Here's a little crash course on how to use Pyinfra:
The pyinfra CLI tool is used on the command line like this, deploy scripts, single operations or facts (see below) could be used on a single server or a multitude of remote servers:
$ pyinfra -i <inventory script/single host> <deploy script>
$ pyinfra -i <inventory script/single host> --run <operation>
$ pyinfra -i <inventory script/single host> --facts <fact>
Remote servers which are operated on must provide a working shell and they must be reachable by SSH. For connecting,
--port
,
--user
,
--password
,
--key
/
--key-password
and
--sudo
flags are available,
--sudo
to gain superuser rights.
Root access or sudo rights of course have to be already set up.
By the way, localhost could be operated on the same way.
Single operations are organized in
modules like "apt", "files", "init", "server" etc.
With the
--run
option they could be used individually on servers like follows, e.g.
server.user
adds a new user on a single targeted system (
-v
adds verbosity to the pyinfra run):
$ pyinfra -i 192.0.2.10 --run server.user sam --user root --key ~/.ssh/sshkey --key-password 123456 -v
Multiple servers can be grouped in inventories, which hold the targeted hosts and data associated with them, like e.g. an inventory file
farm1.py
would contain lists like this:
COMPUTE_SERVERS = ['192.0.2.10', '192.0.2.11']
DATABASE_SERVERS = ['192.0.2.20', '192.0.2.21']

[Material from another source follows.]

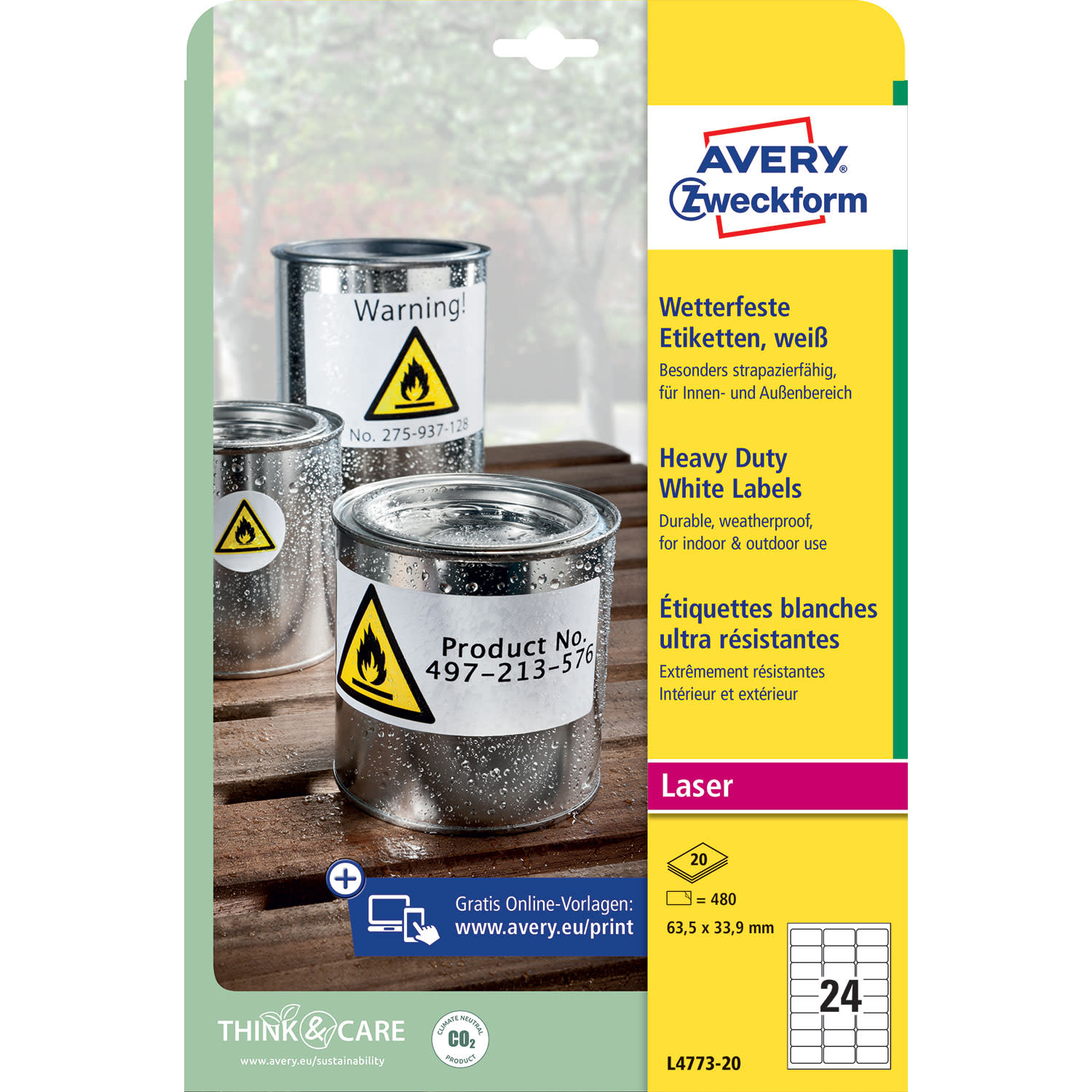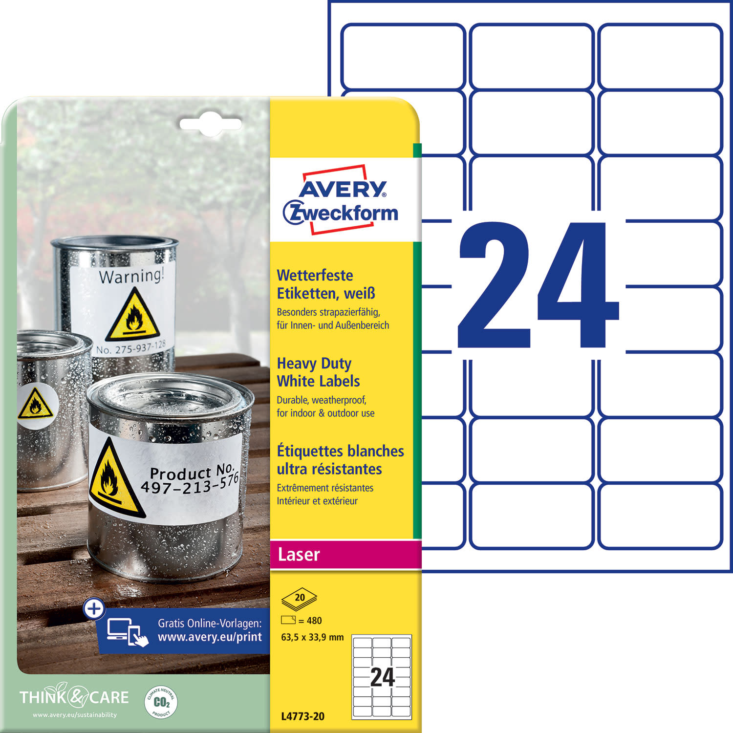 Avery Zweckform Ετικέτες Heavy Duty Α4 L4773-20 ( 63.5 x 33.9 mm )

Group designators must be all caps.
A higher level of grouping are the file names of inventory scripts, thus
COMPUTE_SERVERS
and
DATABASE_SERVERS
can be referenced to at the same time by the group designator
farm1
. Plus, all servers are automatically added to the group
all
.
And, inventory scripts should be stored in the subfolder
inventory/
in the project directory.
Inventory files then could be used instead of specific IP addresses like this, the single operation then gets performed on all given machines in
farm1.py
:
$ pyinfra -i inventory/farm1.py --run server.user sam --user root --key ~/.ssh/sshkey --key-password=123456 -v
Deployment scripts could be used together with group data files in the subfolder
group_data/
in the project directory.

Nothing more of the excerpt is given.